Text data preparation

Before we get into any NLP task, we need to do some data preprocessing and basic cleaning. It is not a focus of this article but if you want to read more about this step check out this article.

In short, we will:

  • Tokenize: the process by which sentences are converted to a list of tokens or words.
  • Remove stopwords: drop words like ‘a’ or ‘the’
  • Lemmatize: reduce the inflectional forms of each word into a common base or root (“studies”, “studying” -> “study”).
def preprocess_news(df):
    '''Function to preprocess and create corpus'''
    new_corpus=[]

    lem=WordNetLemmatizer()
    for text in df["question_text"]:
        words=[w for w in word_tokenize(text) if (w not in stop)]

        words=[lem.lemmatize(w) for w in words]

        new_corpus.append(words)
    return new_corpus

corpus=preprocess_news(df)

Now, let’s see how to represent this corpus so that we can feed this into any machine learning algorithm.

Text Representation

Text cannot be used directly as input to a machine learning model but needs to be represented in the numeric format first. This is known as text representation.

Countvectorizer

Countvectorizer provides an easy method to vectorize and represent a collection of text documents. It tokenizes the input text and builds a vocabulary of known words and then represents the documents using this vocabulary.

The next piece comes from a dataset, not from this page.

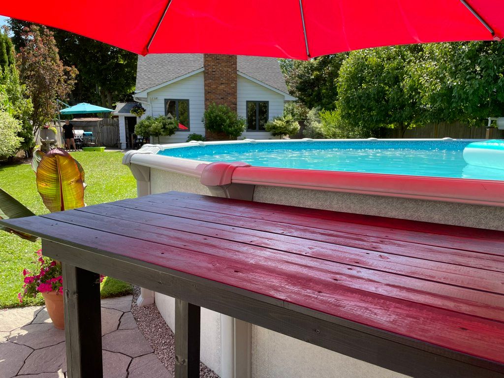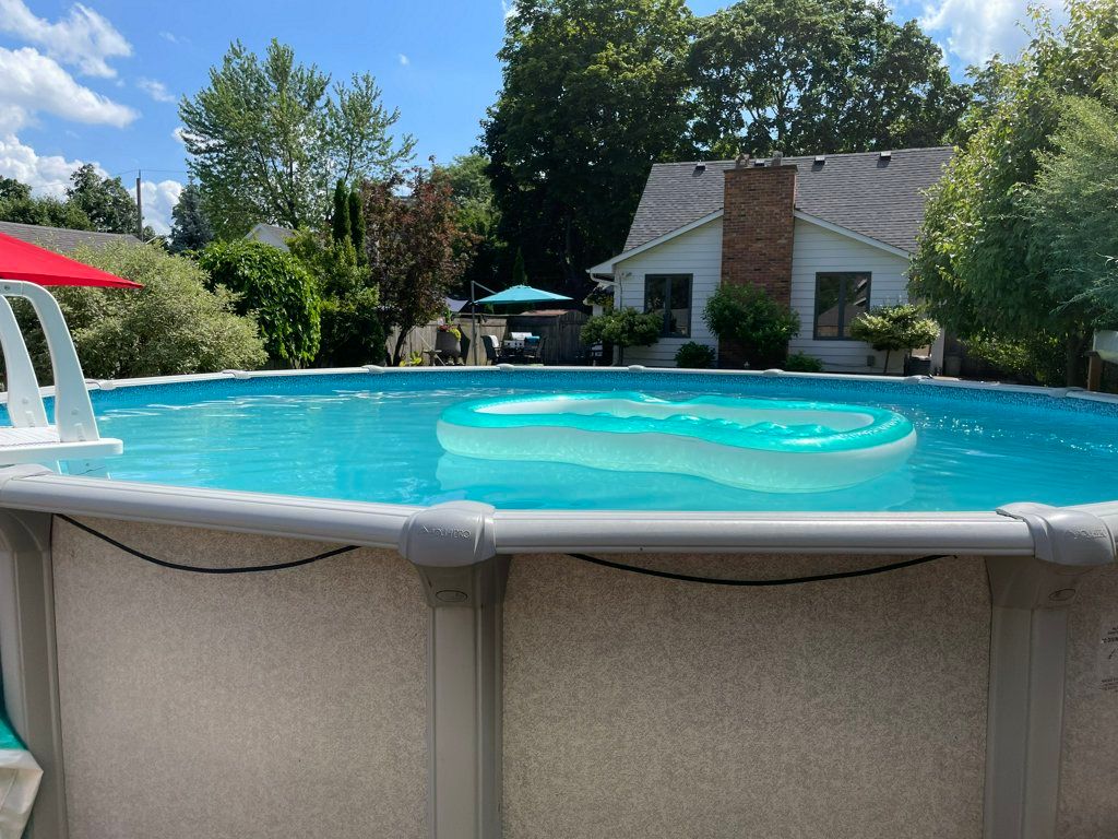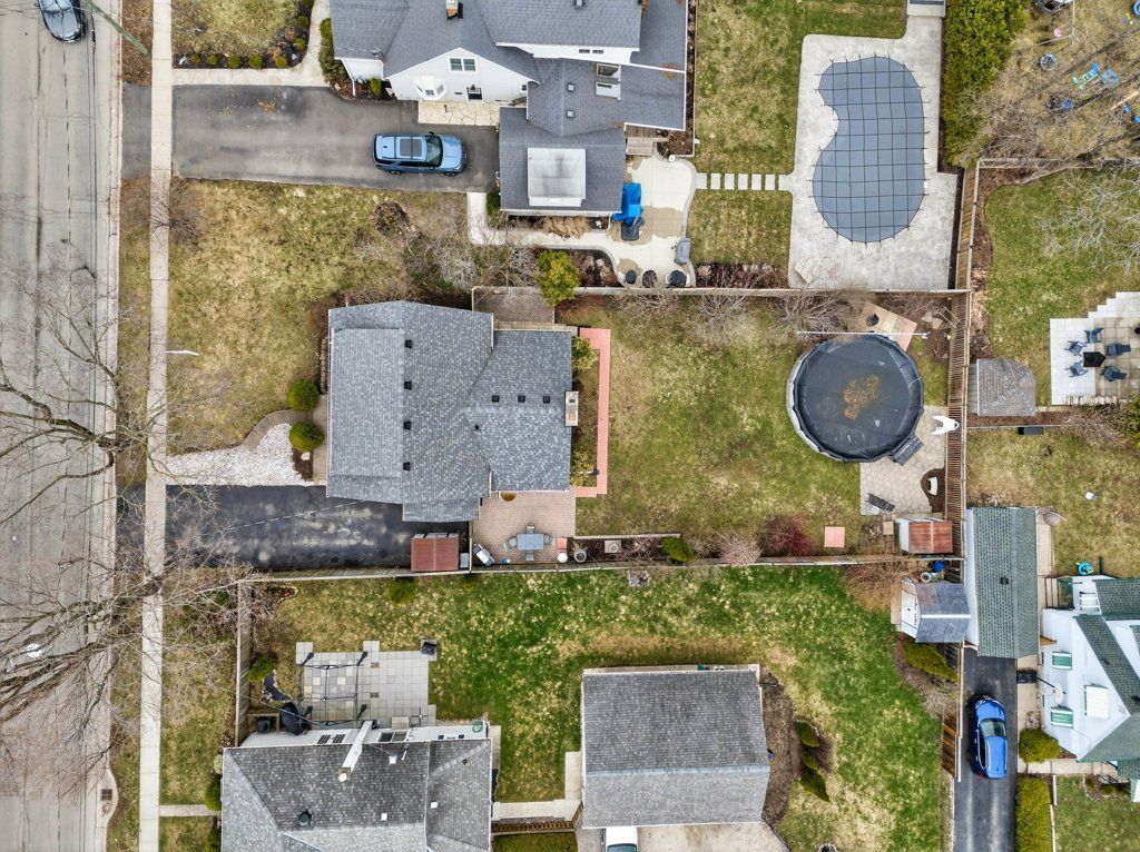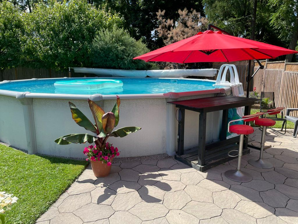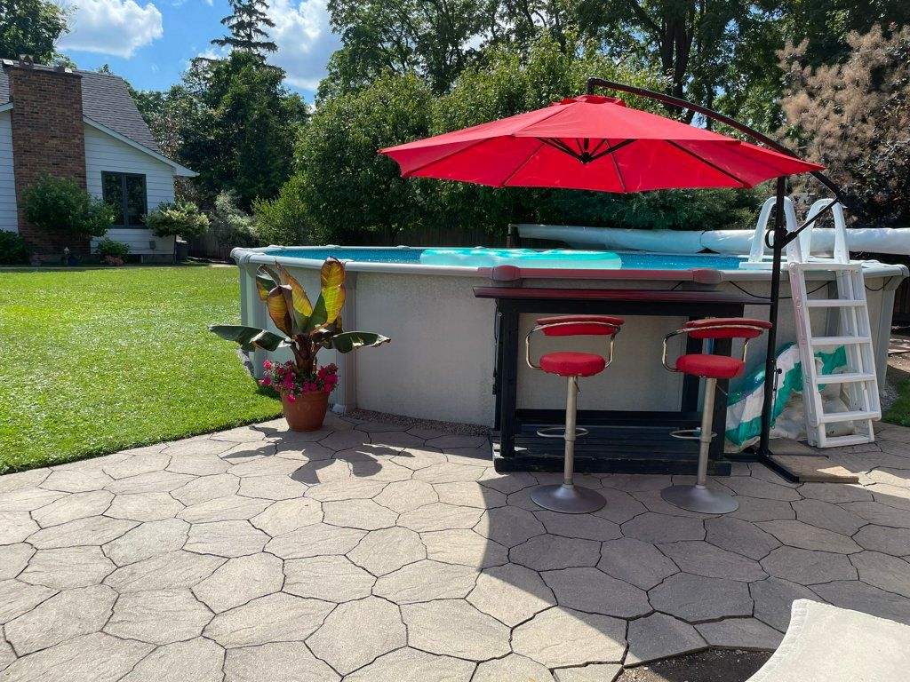 • Enclosed backyard with above ground pool and two patio areas.
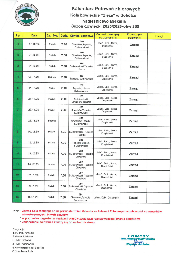 - Straż Leśna: kom. 664045934.

Let’s understand it by using an example,

text = ["She sells seashells in the seashore"]
# create the transform
vectorizer = CountVectorizer()
# tokenize and build vocab
vectorizer.fit(text)
# summarize
print(vectorizer.vocabulary_)
# encode document
vector = vectorizer.transform(text)
# summarize encoded vector
print(vector.shape)
print(type(vector))
print(vector.toarray())

image

You can see that the Coutvectorizer has built a vocabulary out of the given text and then represented the words using a numpy sparse matrix. We can try and transfer another text using this vocabulary and observe the output to get a better understanding.

vector=vectorizer.transform(["I sell seashells in the seashore"])
vector.toarray()

image

You can see that:

  • The index positions 3 and 4 have zeroes meaning that these two words are not present in our vocabulary and all other positions have 1 meaning that these words are present in our vocabulary. The corresponding words missing from the vocabulary are “sells” and “she”. Now that you understand how Coutvectorizer works, we can fit and transform our corpus using it.
vec=CountVectorizer(max_df=10,max_features=10000)
vec.fit(df.question_text.values)
vector=vec.transform(df.question_text.values)

You should know that Countvectorizer has a few important parameters that you should adjust to your problem:

  • max_features: build a vocabulary that only considers the top n tokens ordered by term frequency across the corpus.
  • min_df: When building the vocabulary ignore terms that have a token frequency strictly lower than the given threshold
  • max_df: When building the vocabulary ignore terms that have a token frequency strictly higher than the given threshold.

What usually helps with selecting reasonable values (or ranges for hyperparameter optimization methods) is good exploratory data analysis. Check out my other article to read about it.

TfidfVectorizer

One issue with Countvectorizer is that common words like “the” will appear many times (unless you remove them at the preprocessing stage) and these words are not actually important. One popular alternative is Tfidfvectorizer. It is an acronym for Term frequency-inverse document frequency.

  • Term Frequency: This summarizes how often a given word appears within a document.
  • Inverse Document Frequency: This downscales words that appear a lot across documents.

Let’s look at an example:

from sklearn.feature_extraction.text import TfidfVectorizer
# list of text documents
text = ["She sells seashells by the seashore","The sea.","The seashore"]
# create the transform
vectorizer = TfidfVectorizer()
# tokenize and build vocab
vectorizer.fit(text)
# summarize
print(vectorizer.vocabulary_)
print(vectorizer.idf_)
# encode document
vector = vectorizer.transform([text[0]])
# summarize encoded vector
print(vector.shape)
print(vector.toarray())

image

The vocabulary again consists of 6 words and the inverse document frequency is calculated for each word, assigning the lowest score to “the” which occurred 4 times.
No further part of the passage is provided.